Running Benchmarks¶
How to reproduce and extend benchmark experiments.
Quick Start¶
# Run single method benchmark
python -m counterfactuals.pipelines.run_ppcef_pipeline \
dataset.config_path=config/datasets/adult.yaml
# Run with multiple seeds
for seed in 0 1 2 3 4; do
python -m counterfactuals.pipelines.run_ppcef_pipeline \
random_state=$seed
done
Multi-Dataset Benchmark¶
# Run across all classification datasets
for dataset in adult compas german_credit heloc; do
python -m counterfactuals.pipelines.run_ppcef_pipeline \
dataset.config_path=config/datasets/${dataset}.yaml
done
Comparing Methods¶
# Run multiple methods on same dataset
python -m counterfactuals.pipelines.run_ppcef_pipeline
python -m counterfactuals.pipelines.run_dice_pipeline
python -m counterfactuals.pipelines.run_globe_ce_pipeline
Viewing Results¶
import mlflow
# List all runs
runs = mlflow.search_runs()
print(runs[["run_id", "params.method", "metrics.validity"]])
# Compare methods
runs.groupby("params.method")["metrics.validity"].mean()

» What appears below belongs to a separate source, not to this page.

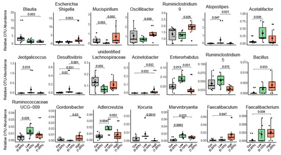 BIOM files were analyzed using MicrobiomeAnalyst—a web-based tool for the statistical and visual analysis of microbiota data. Reads were initially denoized using filters with a minimum number of five reads in a minimum of one sample required to retain an OTU. Total read counts for the run were 754,355, with 35,921 per sample. Sample reads were normalized and rarefied to the minimum library, then data scaling (total sum scaling) was performed before the final analysis. Minimum read filtering was applied in MicrobiomeAnalyst for alpha and beta diversity calculations but was increased to a minimum of 10% prevalence with a count of 4 for differential abundance analysis. Low variance filter was set at 5% for the inter quartile range. Alpha diversity profiling and significance testing were conducted using one-way ANOVA at the genus and phylum taxonomic level. For beta diversity, permutational MANOVA (PERMANOVA) was used to compute groupwise differences. Differential abundance was calculated univariately. All p-values were calculated using the Kruskal Wallis test and the Dunn test unless stated otherwise. Microbiota figures (Figure 1, Figure 2, Figure 3 and Figure 4) were prepared using open licensed software R.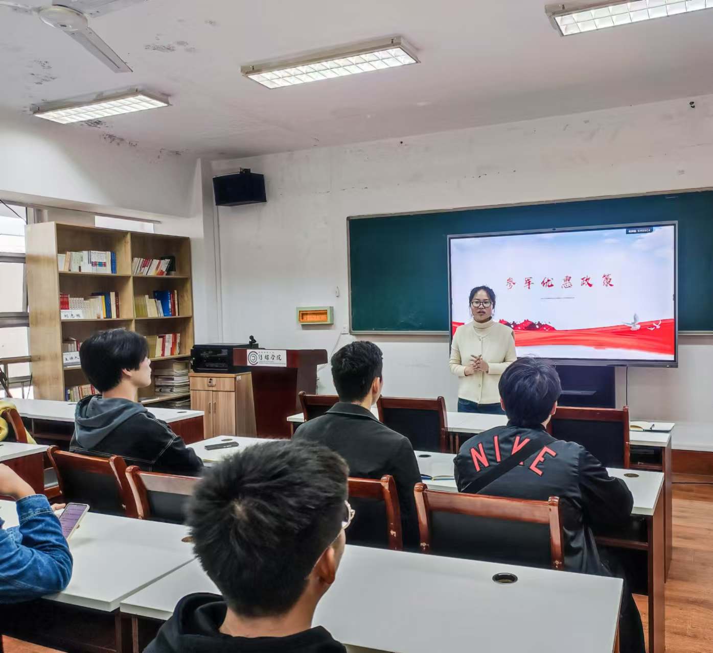 金莹莹强调了国家征兵工作的重要意义,号召青年老员工作为国家的未来和希望,有责任也有义务投身国防事业,为国家的繁荣富强贡献自己的青春力量。同时,详细介绍了当前的征兵入伍政策,包括报名条件、选拔流程、优惠政策等,让同学们对参军入伍有了更加全面和深入的了解。

Custom Benchmark Configuration¶
Create a custom config:
# pipelines/conf/benchmark.yaml
defaults:
- _self_
- override hydra/sweeper: basic
hydra:
sweeper:
params:
dataset.config_path:
- config/datasets/adult.yaml
- config/datasets/compas.yaml
random_state: range(0, 5)
Run sweep:
Adding New Methods to Benchmarks¶
- Create pipeline in
counterfactuals/pipelines/ - Add configuration in
pipelines/conf/ - Run benchmark with same datasets